На следующий день я обнаруживаю ее в коридоре: она успела подружиться с горничными, ходит вслед за уборочной тележкой из комнаты в комнату и помогает — наклоняется, подхватывает стопку чистых простыней, передает девушкам. Она не замечает меня, так что я могу ее рассмотреть. Сейчас Италия говорит быстро, с сильным южным акцентом. В компании этих девушек в передничках она абсолютно раскрепощена, словно выпорхнула из своего заточения и присоединилась к таким же, как она сама. На голову она нахлобучила банный чепчик — и самозабвенно дурачится. Изображает капризную постоялицу, у которой вдруг отключили воду, и толстенькая девица, стоящая рядом, хохочет от души. Надо же, я и не знал, что у Италии такие выдающиеся актерские способности. Я окликаю ее, она оборачивается, оборачиваются и горничные. Италия срывает с головы чепчик и идет ко мне. Щеки у нее красные, она трепещет, как маленькая девочка.

— Ты уже здесь… — шепчет она.

В последний вечер я ужинаю в гостиничном ресторане. Я упросил Италию, чтобы и она спустилась туда, — мне хотелось узнать, как она будет смотреться среди людей, не знающих про наши отношения. Появилась она с опозданием, проворно направилась к столику в глубине зала, возле стеклянной двери, ведущей в смежный зал. Мои сотрапезники уже вовсю дышали вином и профессиональной желчностью, свойственной врачам. Манлио подъехал только утром, но уже успел дойти до точки кипения. Мишенью он избрал американского исследователя, гуру альтернативной фармакологии. Источал презрение, яростно затягиваясь очередной сигарой; золотая зажигалка лежала наготове рядом с салфеткой. Меня интересовало, что именно закажет себе Италия; было бы так приятно налить ей бокал вина. Пока что ей ничего еще не принесли, возможно, о ней вообще забыли. Я озирался в поисках официанта. Чувствовала Италия себя неспокойно, она вообще едва согласилась доставить мне это удовольствие и теперь, положив на стол локти, теребила пальцами подбородок и мечтала поскорее отсюда убраться. Ее замешательство вполне ощущал и я. Вот официант наклонился над нею, приподнял пузатую крышку, сохраняющую блюдо горячим. Италия стала орудовать ложкой, вероятно, это был суп. Я обернулся к Манлио — он в упор смотрел на Италию. Она заметила его взгляд — перестала есть, теребила угол салфетки. Потом подняла глаза, и я увидел, что она сдвигает эту салфетку так, чтобы во всех подробностях продемонстрировать ее Манлио. На лице у нее снова появилось давешнее вызывающее выражение. Манлио пихнул меня локтем. «Она на меня смотрит…» — прошептал он; тяжелая улыбка кривила его рот. «Она без кавалера сидит, ну что, приглашаем ее, а?»

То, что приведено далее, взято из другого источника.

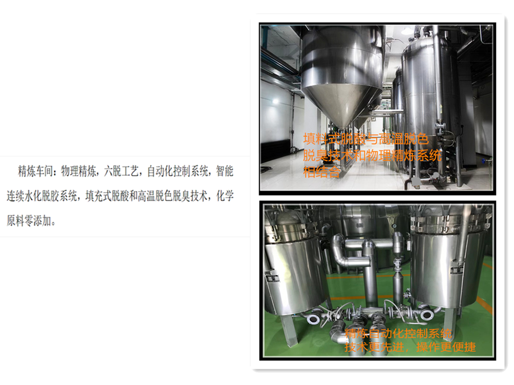 公司打造全產(chǎn)業(yè)鏈經(jīng)營模式,1998年創(chuàng)建沈陽新光屠宰廠、2014年創(chuàng)建沈陽福和牛業(yè)有限公司、2018年創(chuàng)建遼寧牧和食品科技有限公司 (畜牧養(yǎng)殖、屠宰分割、油脂加工三位一體),確保食品安全。原料除公司自產(chǎn)外,全部來自于國內(nèi)四大牧場。綠色放養(yǎng),吊掛式宰殺工藝,牛脂新鮮無血漬,采用-18℃冷鏈運輸,保證原料新鮮。 工藝采取低溫真空熔煉,全程管道密閉輸送,安全無污染、不氧化,保留原始脂肪香味。超微過濾,無雜質(zhì)。物理精煉脫雜、 脫膠、脫磷、脫色、脫酸、脫臭,全智能控制,品質(zhì)更穩(wěn)定。油質(zhì)清澈透明、無添加、零污染,急速超冷多級捏合罐裝,脂香濃郁、口感細膩。炒料不渾湯、不起泡、回味悠長、湯清色亮。

И прежде чем я смог его остановить, он приступил к делу — поднялся с места и с ухмылкой любезного павиана пошел к ней. Вокруг раздавался смех, все уже успели изрядно подвыпить. Я увидел Италию — она поднялась, попятилась, наткнулась на тележку с десертом и вышла из зала. Манлио опять уселся рядом, положил руку на зажигалку.

— Издалека она только вульгарна, — сказал он. — А вблизи к тому же и некрасива.

Она сидит на кровати, перелистывает рекламный проспект гостиницы.

— Что это был за хам такой? — спрашивает она, не поднимая головы.

— Он и вправду хам… но он еще и известный хирург-гинеколог.

Я вкусно поел, я выпил хорошего вина, меня потянуло на физическую близость. Но Италия что-то задерживается в ванной, а выйдя из нее, не идет в постель — она берет стул и устраивается у окна. Она смотрит на внутренний двор, лицо у нее озарено желтоватым светом, она ждет, когда начнут выключать фонтан.

Под наше возвращение Италия наготовила бутербродов — она сбегала в магазин, купила сыру и колбасы, потом стала нарезать хлеб прямо на одеяле. Я проснулся, когда она ладонью сметала крошки. Возле лифта она почти по-родственному попрощалась с горничными, взяла у них адреса. В машине мы не разговариваем. Помолчав, Италия вдруг спрашивает: «Тебе ведь за меня стыдно, правда?» Она отвернулась вправо и изучает дорогу. Сумка ее, сшитая из кожаных обрезков, наполнена маленькими баночками с медом и конфитюром, полагавшимися постояльцам к первому завтраку, — она все сохранила. Я невольно улыбаюсь, поправляю зеркальце заднего обзора. В голове у меня — тоже обрезки, обрезки разных мыслей, они перемешиваются друг с другом, не образуя ничего связного. Сегодня утром позвонила Эльза, ее звонок как раз застал меня в своей комнате, багаж я уже уложил, думал, что это портье, и ответил безо всяких предосторожностей. Италия в этот момент что-то говорила насчет своего удостоверения личности — она забыла его забрать. Эльза услышала ее голос.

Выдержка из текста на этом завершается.